Kevin Costner, director; Orion Home Video/Image Entertainment;
Anamorphic 2.35:1 Widescreen; THX Mastered; English Dolby Digital
5.1; 181 Minutes
It is very much to Kevin Costner’s credit that he could take a story without much story line to it, and make it into a long and lyrical film that sustains interest. It does so because of a combination of visual beauty, human drama on an epic scale (the survival of a race of people), and an individual love story. Strong performances by Graham Greene and Mary McDonnell, as Indian chief and love interest, respectively, hold one’s interest and build sympathy for the Sioux and their way of life, in which McDonnell has grown up, though a white. She is called “Stands With A Fist” for her response to childhood bullying.
The gorgeous widescreen picture in Dances With Wolves is complemented by a beautifully atmospheric soundtrack and a very good score written by veteran film composer John Barry. I didn’t expect to watch the whole film at one sitting, but did, and enjoyed it once again. The Buffalo hunt sequence puts us in the middle of the herd of stampeded bison, their thundering hooves all around us. Other quieter parts of the movie give us the subtle sounds of the prairies as Costner’s character, John Dunbar, learns to live and survive alone before befriending the Indians and Stands With A Fist.
I’m not sure exactly what’s involved in THX mastering, but picture and sound quality must be a major part, and here they are very high, the transfer also said on the jacket to be “enhanced for 16:9 screens”.This is probably a reference to the anamorphic widescreen technique’s utilization of the maximum number of pixels for the highest picture resolution possible in the DVD format.

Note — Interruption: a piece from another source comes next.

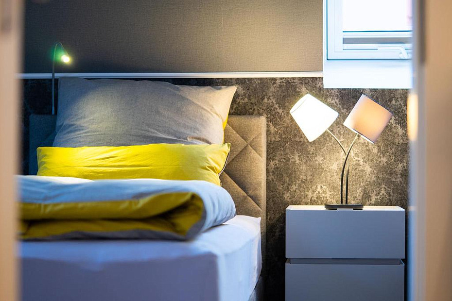 - Verdunkelung: Verdunklungsrollos in den Schlafräumen

Dances won 7 Oscars, including Best Picture, and is certainly its director’s best effort. While Waterworld set a standard for spending that only James Cameron could surpass, and though it works well in the DVD format, it’s just an adventure flick that’s sustained by special effects. And I’m still screwing up my courage to rent The Postman. Perhaps over the the next month I’ll actually go postal, so to speak. But I suspect that the one movie of the three that I’ll come back to most will be Dances With Wolves.